Le Collectif Europe et Médicament considère que l'adoption
d'un règlement sur les médicaments pédiatriques
doit tenir compte des problèmes rencontrés avec celui
sur les médicaments orphelins, et propose les modifications
ou précisions qui suivent.
Transparence des procédures et motivation
des décisions
Le Règlement 726/2004 sur les autorisations de mises sur
le marché européennes prévoit des garanties
importantes en matière de transparence et d'accès
aux données, même si elles sont encore insuffisantes
dans le domaine de la pharmacovigilance. La proposition de règlement
sur les médicaments pédiatriques renvoie au Règlement
726/2004 et devrait donc apporter les mêmes garanties. Toutefois,
certains des articles proposés ne sont pas suffisamment clairs
et précis.
Le projet d'article 5 qui traite du fonctionnement du Comité
pédiatrique de l'Agence européenne du médicament
stipule que si le consensus n'est pas atteint sur un avis, "
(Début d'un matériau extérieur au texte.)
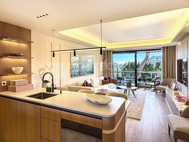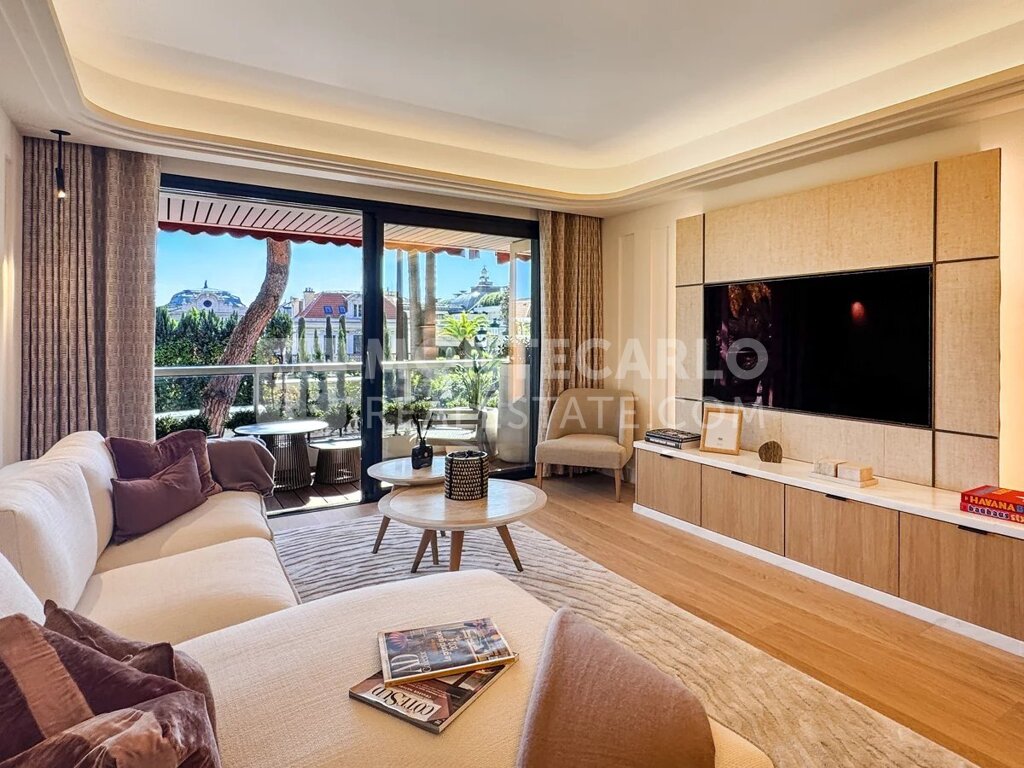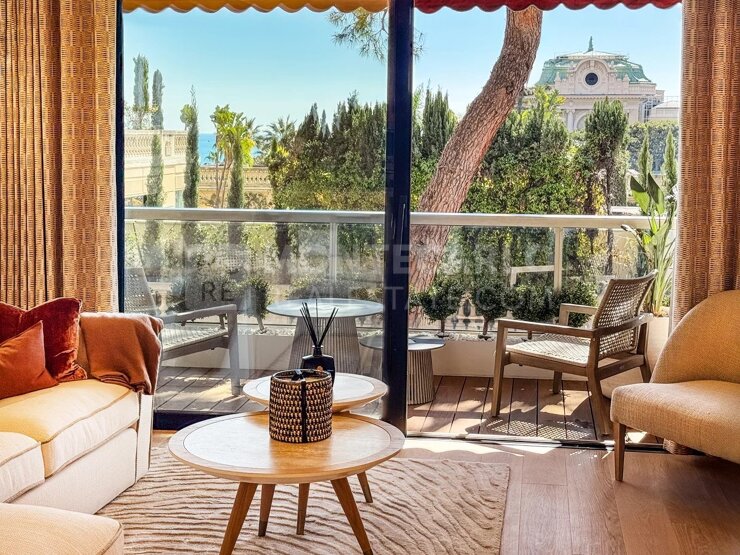 Cette magnifique 3 pièces est située dans la résidence très recherchée "Les Floralies". L'emplacement de ce bien est exceptionnel, puisqu'il se trouve au cœur du Carré d'Or. L'appartement a fait l'objet d'une rénovation de grand luxe. Il a été décoré par un architecte d'intérieur de renom afin de le transformer en un bien clé en main, unique et hautement exclusif. En entrant, vous découvrirez un élégant hall d'entrée qui donne sur un salon luxueux, avec une cuisine américaine Bulthaup. Le salon s'ouvre sur une terrasse paysagée offrant une vue sur la place du Casino. Le mobilier raffiné est complété par de magnifiques boiseries sur mesure. Les deux chambres sont spacieuses et lumineuses, avec un parquet en chêne clair créant une atmosphère chaleureuse, ainsi que des placards sur mesure. Les salles de bains présentent des finitions en marbre et un chauffage au sol pour un confort optimal.

l'avis est constitué par la position de la majorité
des membres et les positions divergentes, avec leurs motifs ".
Le Collectif considère qu'une formulation plus claire est
nécessaire, garantissant que le détail des votes soit
mentionné et rendu public en même temps que la décision
finale. (Amendement 3 du Collectif)
Le projet d'article 15 indique que l'Agence européenne du
médicament " tient une liste de toutes les dérogations
", c'est-à-dire de tous les cas dans lesquels une firme
n'aura pas à fournir de données d'évaluation
pédiatriques car le médicament n'offre pas d'intérêt
pour les enfants. La publication de cette liste peut être
comprise comme implicite s'agissant d'un document administratif
de l'Agence, mais le projet ne le précise pas.
Le Collectif considère que l'article doit mentionner précisément
: " Cette liste, régulièrement mise à
jour, est rendue accessible au public ". (Amendement
4 du Collectif)
Précision des critères d'évaluation
Dans la présentation de la proposition de règlement,
il est dit que " les études ne doivent être réalisées
que si l'on peut en escompter un avantage thérapeutique pour
les enfants (en évitant tout double emploi) ". Mais
d'après l'article 7.1.d de la proposition de règlement,
le Comité pédiatrique qui évalue le plan d'investigation
émet un avis " sur la qualité, la sécurité,
et l'efficacité " du médicament. Disparaît
ainsi dans le corps du texte l'idée de démonstration
d'un progrès thérapeutique pour les enfants concernés.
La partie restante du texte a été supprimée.